If that seems counterintuitive — why not just test everyone? — it’s because of the numbers of uninfected. Individual tests are inefficient for checking the spread of a pandemic in its early stages especially. Labs are getting tied up with unnecessary work that might have to be repeated later as people eventually get exposed to COVID-19.

Scientific American explained last month why this approach makes more sense now, and may have made even more sense then when tests were still in low supply:

Now dozens of researchers in the U.S., Israel and Germany are pursuing a strategy to dramatically increase diagnostic capacity: group tests. By pooling samples from many people into a few groups and evaluating pools rather than individuals, the scientists think they can use fewer tests on more people. This approach could lead to the faster detection of individuals who are unwitting carriers of the disease and an ability to quickly clear others who have not been infected. The strategy has been used in the past to successfully detect cases of HIV, chlamydia, malaria and influenza, and was originally conceived during World War II to test thousands of military personnel for syphilis. …

Group testing is a numbers game. Let’s say you are examining 100 people, and one of them is positive. Normally you would do 100 diagnostic tests, searching for genetic material from the virus in each individual. But with group testing, you can divide those 100 people into five groups of 20. That gives you five pools with 20 samples, and you use one test per pool. If the first four sample pools test negative, you have eliminated 80 people with four tests. If the last pool tests positive, you retest each sample in that last pool individually to identify the one with the disease. In the end, you did 25 tests instead of 100.

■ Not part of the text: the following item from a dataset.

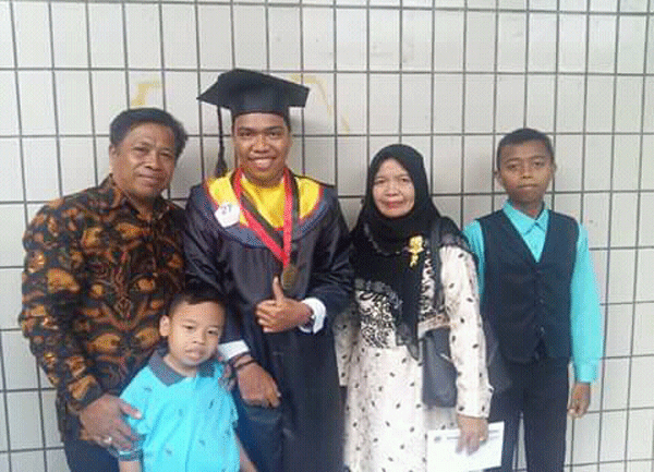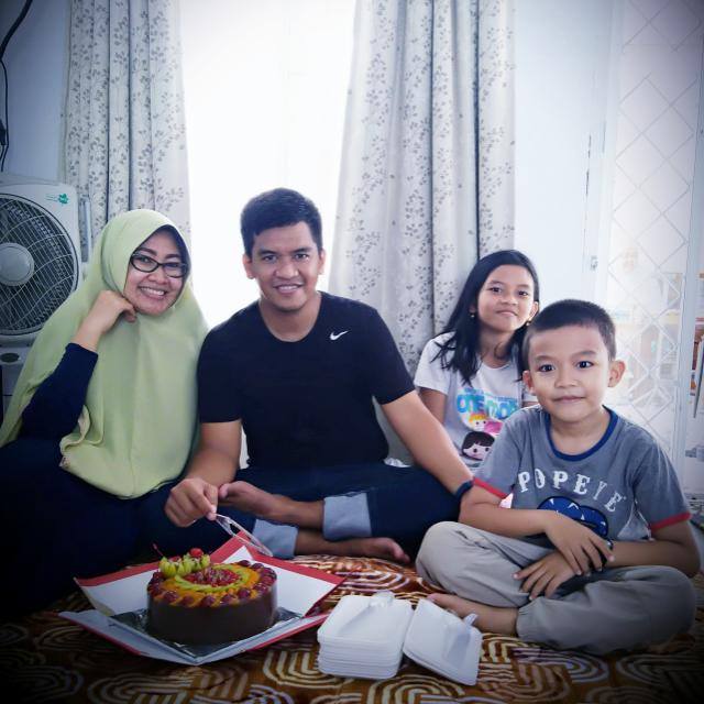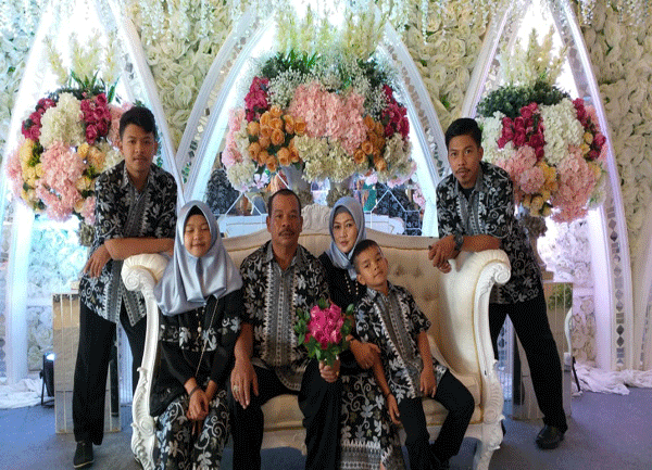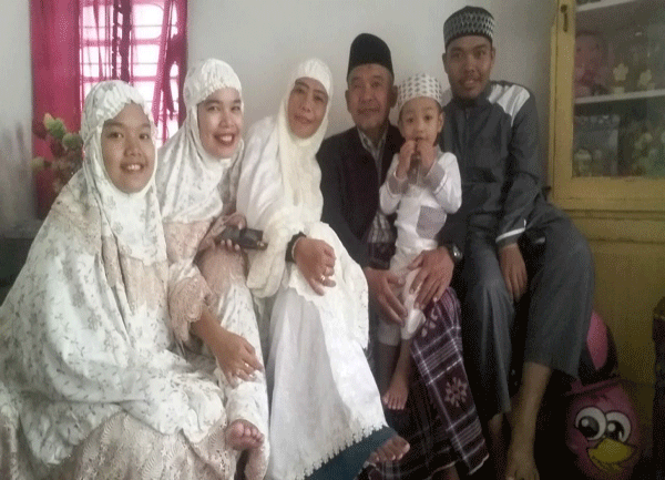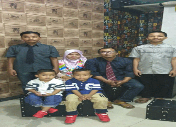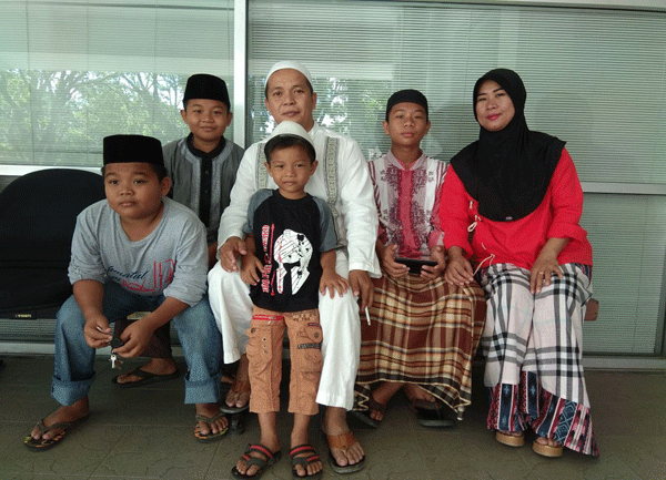 Foto Bersama Mukhlis sekeluarga, nampak dari kanan ke kiri; 1.Mukhlis, 2.Ani, 3.Rehan, 4.Qeis, 5.Ikhlas.

That means four times more capacity in the end, at least in the earlier stages of an epidemic or pandemic. It won’t work later, however, because a greater community prevalence means more duplication:

The biggest limitation of the batch approach, however it is done, has less to do with the test itself and more with the nature of the disease. Group testing works well as long as the prevalence of a pathogen remains low. But if there are too many positive cases in the tested specimens, most of the pools will come up positive and will have to be followed up with individual tests anyway. Hertz’s combinatorial approach works best when the prevalence of the disease in a community is no higher than 5 percent, with around 1 percent being ideal. More straightforward approaches, such as those employed by Iwen and CIesek, work when the prevalence is below 10 percent. In fact, the FDA’s message to Iwen stated that he could test pools as long as the positive test rate was below that percentage.

It would work best now for the White House for another reason. They want to maintain the momentum of reopening the economy, but the spikes are potentially jeopardizing that. The best way to contain the spread outside of another general shutdown would be to initiate aggressive contact tracing and quarantining on individual bases, as well as pushing for stronger participation in mask-wearing. This pool-testing approach allows for much more rapid and efficient assignment of contact tracers in order to contain outbreaks before they expand rapidly across a population.

The goal here is rapid containment, which necessarily means more aggressive testing. If this works, the numbers of individual tests might actually flatten out, but we’ll get a much better picture of the population status in cities and regions.